Could someone please explain why this works:
#include <iostream>
using namespace std;
#define cat(a,b) cat_1(a,b)
#define cat_1(a,b) a ## b
int main()
{
cat(c,cat(o,cat(u,t))) << "Hello world!";
return 0;
}
but the same code with one less level of macro indirection does not:
#include <iostream>
using namespace std;
#define cat(a,b) a ## b
int main()
{
cat(c,cat(o,cat(u,t))) << "Hello world!";
return 0;
}
I've looked at this:
http://www.boost.org/doc/libs/1_55_0/libs/preprocessor/doc/
but while it illustrates the problem I still don't understand how this solves it. When I run the preprocessor on this (g++ -E):
#include <iostream>
using namespace std;
#define cat(a,b) cat_1(a,b)
int main()
{
cat(c,cat(o,cat(u,t))) << "Hello world!";
return 0;
}
it expands the line to:
cat_1(c,cat_1(o,cat_1(u,t))) << "Hello world!"

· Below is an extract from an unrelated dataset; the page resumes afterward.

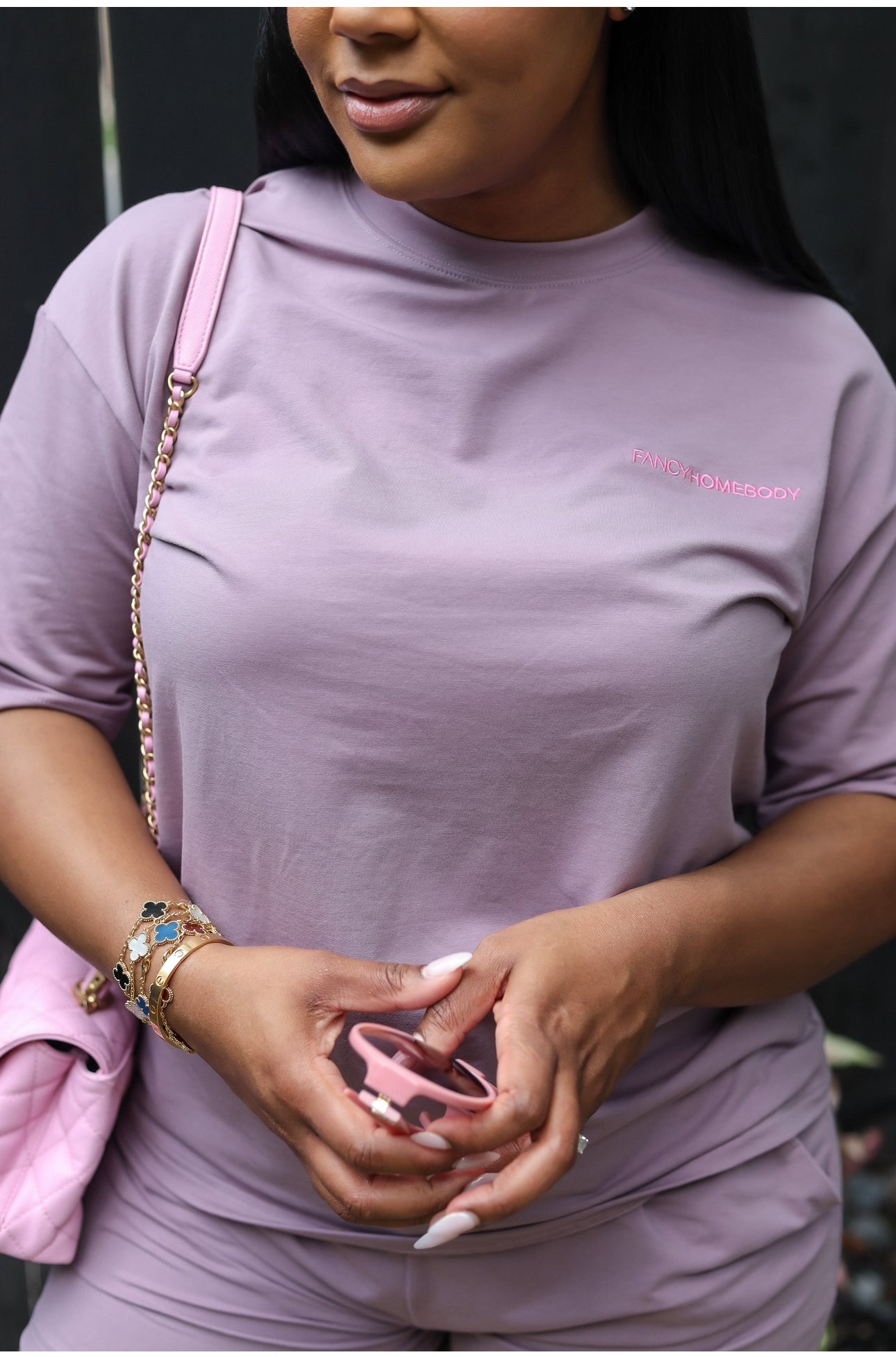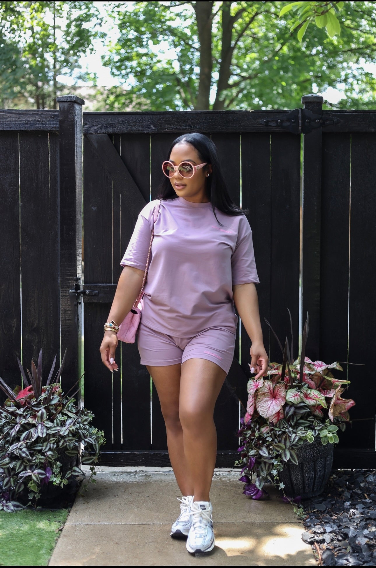 Simple, never basic! An effortless must have look for your chill wardrobe. Crafted from a luxe jersey blend, this set includes an oversized relaxed-fit tee and matching high-rise, cinched shorts with elasticized waist and convenient side pockets.

so it looks like the problem should still be there since it maps directly to the line with just 'cat'
## operator is applied before the macro substitution is re-scanned for more macro invocations. The outer invocation first expands to ccat(o,cat(u,t)), then to ccat(o, ut) and stops there.
Extra indirection allows re-scanning to work before token pasting.
Short answer: the presence of an ## operator in a macro definition stops the normal cascading substitution of macro parameters near it.
Take a subset of the first (working) version:
#define cat(a,b) cat_1(a,b)
#define cat_1(a,b) a ## b
cat(o,cat(u,t))
The last line is tokenised:
cat ( o , cat ( u , t ) )
The cat and ( tokens indicate the start of a call to the cat() macro, so the preprocessor starts replacing it with the definition of cat():
cat_1(
at this point it has to replace "a" with the argument passed in (ie. "o"), so it continues:
cat_1(o,
now it has to replace the parameter "b" with the argument passed in (ie. "cat(u,t))"), but this argument is itself a macro call, so that gets expanded before substitution to "cat_1(u,t)" and then to "u ## t" and finally to "ut", so, getting back to the top level, we end up with:
cat_1(o,ut)
which is the re-scanned, turning into:
o ## ut
and finally to
out
as expected.
In the non-working case, the rule about non-expansion near the ## comes into play:
#define cat(a,b) a ## b
cat(o,cat(u,t))
This time when the preprocessor starts replacing the outer cat() call, it immediately encounters the parameter "a" and has to replace it with the passed argument "o", which is fine, following by the ##:
o ##
Now it gets to "b" which it must replace with the argument "cat(u,t)". However, unlike the working example above, this time, the argument isn't recursively expanded because, according to the C Standard, parameters immediately preceding or following a ## operator must not be recursively expanded. So, it just leaves the "cat(u,t)" as it got it and ends up with:
o ## cat(u,t)
which is then collapsed into
ocat(u,t)
which is where the preprocessor stops, since it doesn't know about "ocat".
The ## (and #) preprocessor operators stopping recursive parameter expansion is set out in section 6.10.3.1 of the C Standard.